§ **EXERCISE**: Starting at the line that contains "4부 + 피아노 반주 |" and stopping after the line that contains "에어매트에 바람을 넣는 방법은", transcribe the listing below exactly; do not include any pictures.
=== Section Start ===
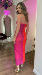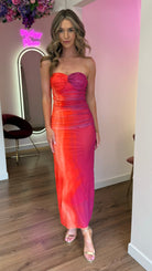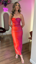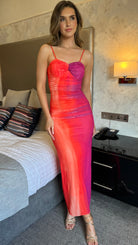 Elina Red & Purple Ombre Printed Cami Strap Midi Dress
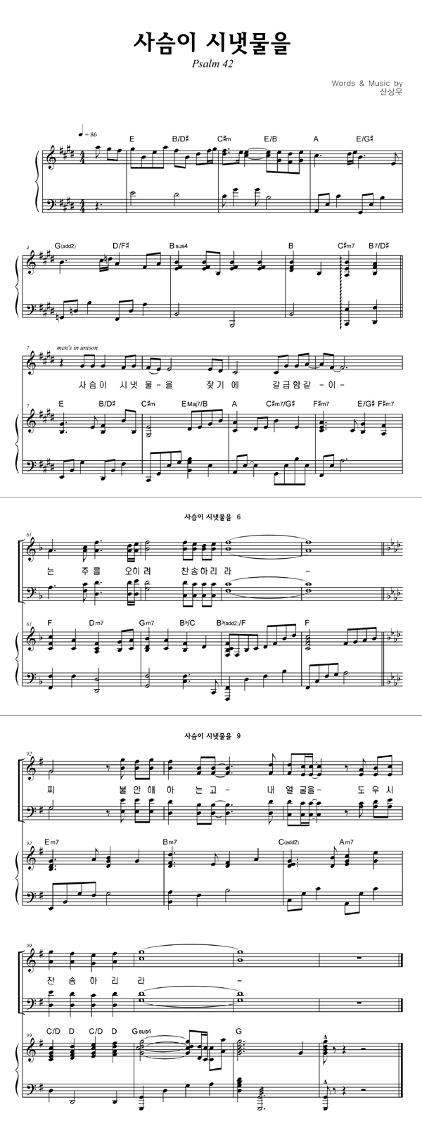 | 사슴이 시냇물을 | 성가 4부 + 피아노 반주 |
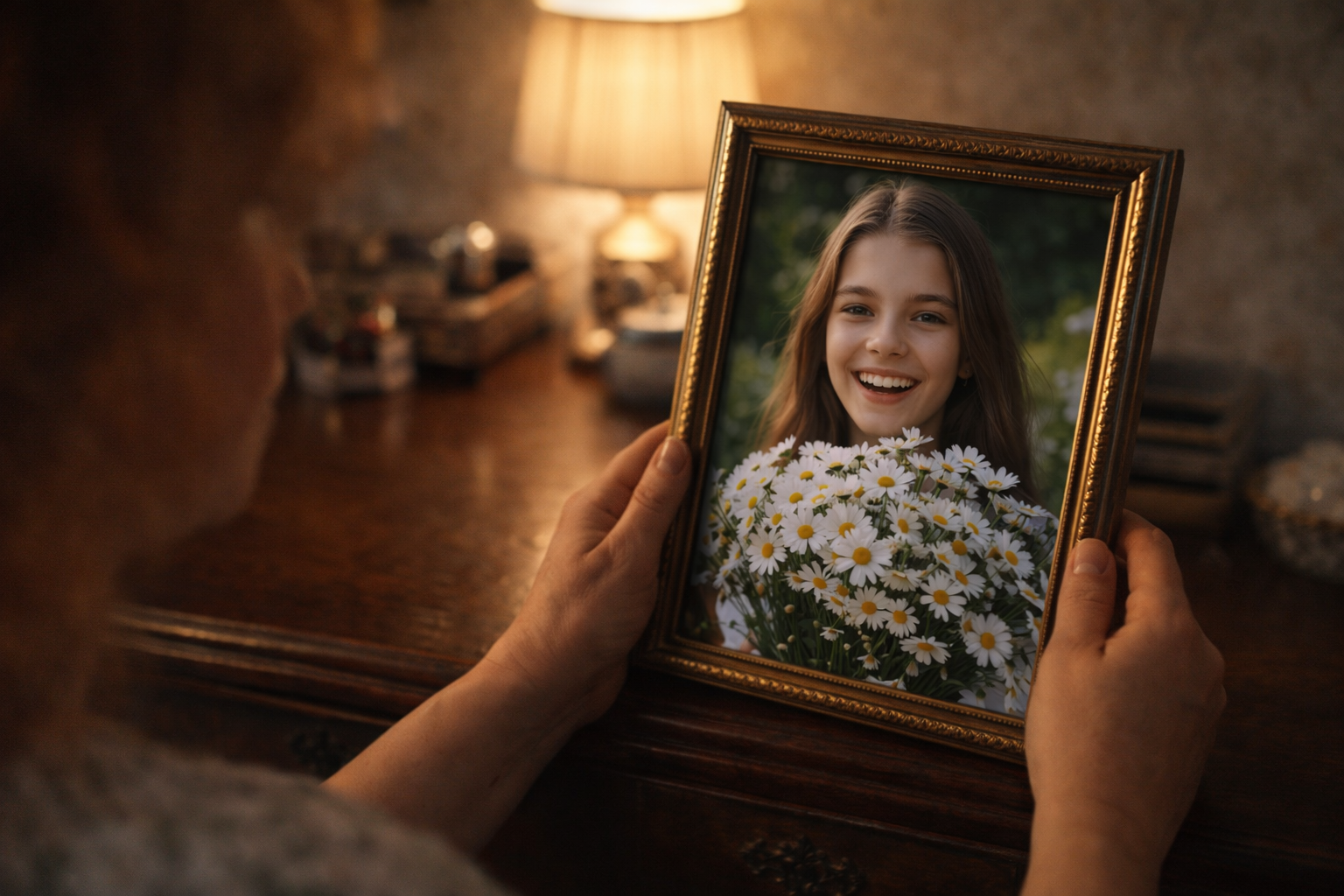 Яна на фото — лет семнадцати, глаза блестят, улыбка до ушей, в руках огромный букет ромашек.
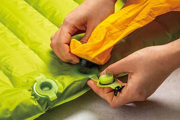 에어매트에 바람을 넣는 방법은 크게 두 가지다. 매트 구매 시 함께 제공되는 펌프 색을 이용하거나 자동 공기 주입기를 별도로 구매하는 방법이다. 아래는 펌프 색을 이용해 에어매트에 바람을 넣는 방법이다.
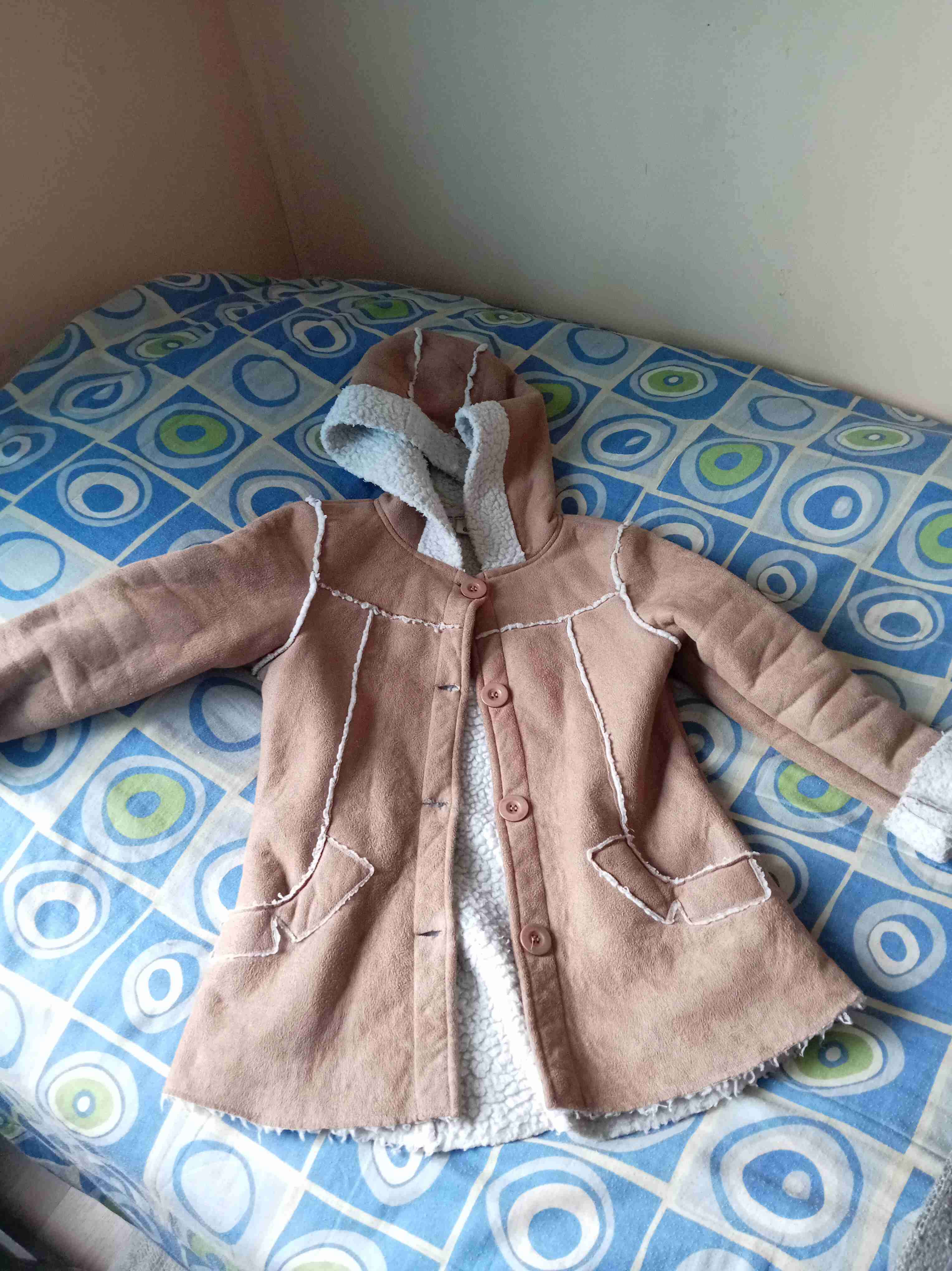 Abrigo marrón con capucha y forro polar, ideal para el invierno. En buen estado general, cálido y cómodo.
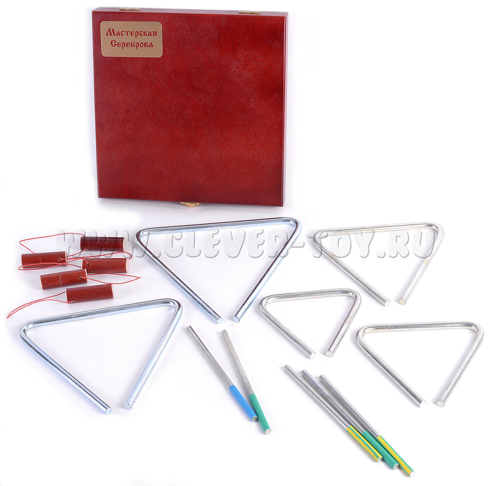 5 музыкальных треугольников (длина стороны - 10, 12, 14, 16, 18см) с качественной тембральной окраской, благородным и певучим звуком (до 20 секунд).
=== Section End ===
§ **TASK RESULT**:
 | 사슴이 시냇물을 | 성가 4부 + 피아노 반주 |
 Яна на фото — лет семнадцати, глаза блестят, улыбка до ушей, в руках огромный букет ромашек.
 에어매트에 바람을 넣는 방법은 크게 두 가지다. 매트 구매 시 함께 제공되는 펌프 색을 이용하거나 자동 공기 주입기를 별도로 구매하는 방법이다. 아래는 펌프 색을 이용해 에어매트에 바람을 넣는 방법이다.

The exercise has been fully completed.